RUY CASTRO
Conversões tardias
RIO DE JANEIRO – Ao acompanhar a súbita conversão de Dilma Rousseff e José Serra à vida espiritual -visitam igrejas, não perdem uma romaria, “postam” fotos de sua primeira comunhão e usam o Santo Nome com um à-vontade que faria inveja ao próprio Cristo-, confesso que já me sinto condenado às labaredas quando passar desta para melhor.
Ao contrário de Dilma e Serra, que têm o que mostrar, eu não poderia reconstruir um passado tão pio. Meu pai, como maçom, era bastante anticlerical. Donde nunca fiz a primeira comunhão, nem as comunhões seguintes, e as únicas missas a que já assisti foram as de sétimo dia -coisa que, aliás, nos últimos anos, tenho feito mais do que gostaria. No colégio, era dispensado da aula de religião.

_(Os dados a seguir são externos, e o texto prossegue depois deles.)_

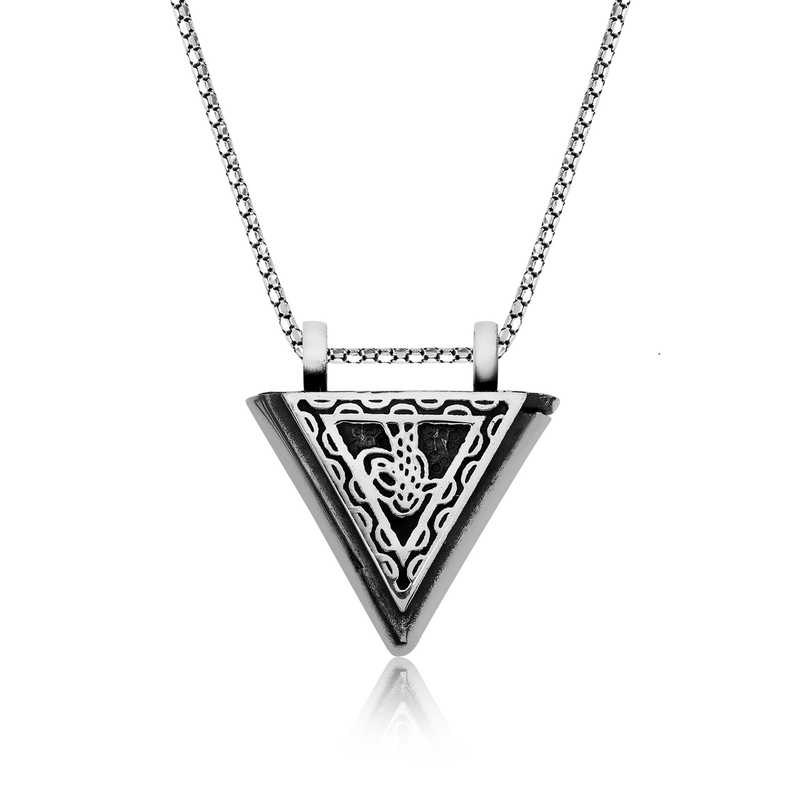Tuğra, Osmanlı sultanlarının imzası anlamına gelir. Her tuğra; ona ait olan padişahın ismini, varlığını, hükümdarlığını ifade eder. Tuğra sembolü her padişaha göre farklı olmak üzere birçok şekilde günümüze ulaşmıştır. Tuğra Osmanlının her döneminde korunmuş, önemini hiç kaybetmemiştir. Ve zamanla hat sanatımızda da önemli bir yere sahip olup, günümüzde hattatlar tarafından sanatsal olarak yaşatılmaktadır. Bu maneviyatla oluşturulan erkek kolye; 925 ayar gümüşten imal edilmiştir. Kolye üzerine oksit kaplama yapılmıştır.Diğer gümüş kolyelerde olduğu gibi gümüş tuğralı muska erkek kolye de tamamı el emeği ile üretilmiştir. Gümüş ve değerli taşlar nedeniyle belirtilen ortalama ürün ağırlığında ± %10 sapma olabilmektedir.
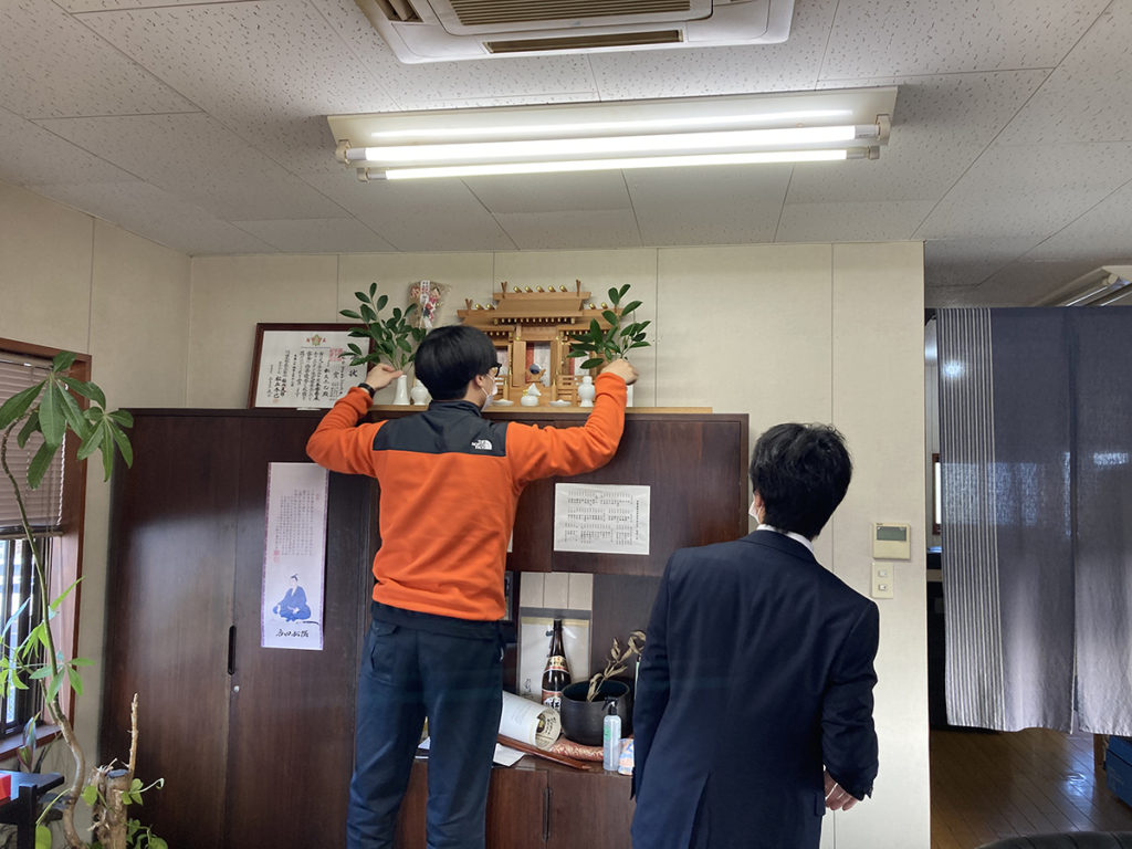 セイケン事務所では、ぎーちゃんと倉田くんが古い御札を外しています!

Da mesma forma nunca assisti a cultos evangélicos, a não ser em filmes americanos tipo “Entre Deus e o Pecado” ou “Imitação da Vida”. É verdade que, às vezes, tenho de escutar a pregação dos pastores porque, com o sistema de amplificação de seus templos, eles se fazem ouvir a quarteirões de distância. Também nunca fui a uma sessão espírita e, para que não se diga que minha ignorância se limita às religiões convencionais, acrescento que o mais perto que já cheguei do candomblé foi num Réveillon carioca dos anos 60, quando Copacabana só atraía alguns milhares de pessoas, não milhões.
Esse distanciamento da religião e da divindade não me tornou melhor do que ninguém, embora deva ter me poupado de algumas culpas e expiações. Mas não me eximiu de responsabilidades, como a de tentar não fazer mal a ninguém e, se possível, fazer o bem. E gosto de saber que não sou de mentir mais do que o aceitável -o que, para mim, é fácil, já que não sou político.
Dilma e Serra devem ser tão religiosos quanto eu. Mas talvez eu peque menos, porque não preciso copidescar minha biografia.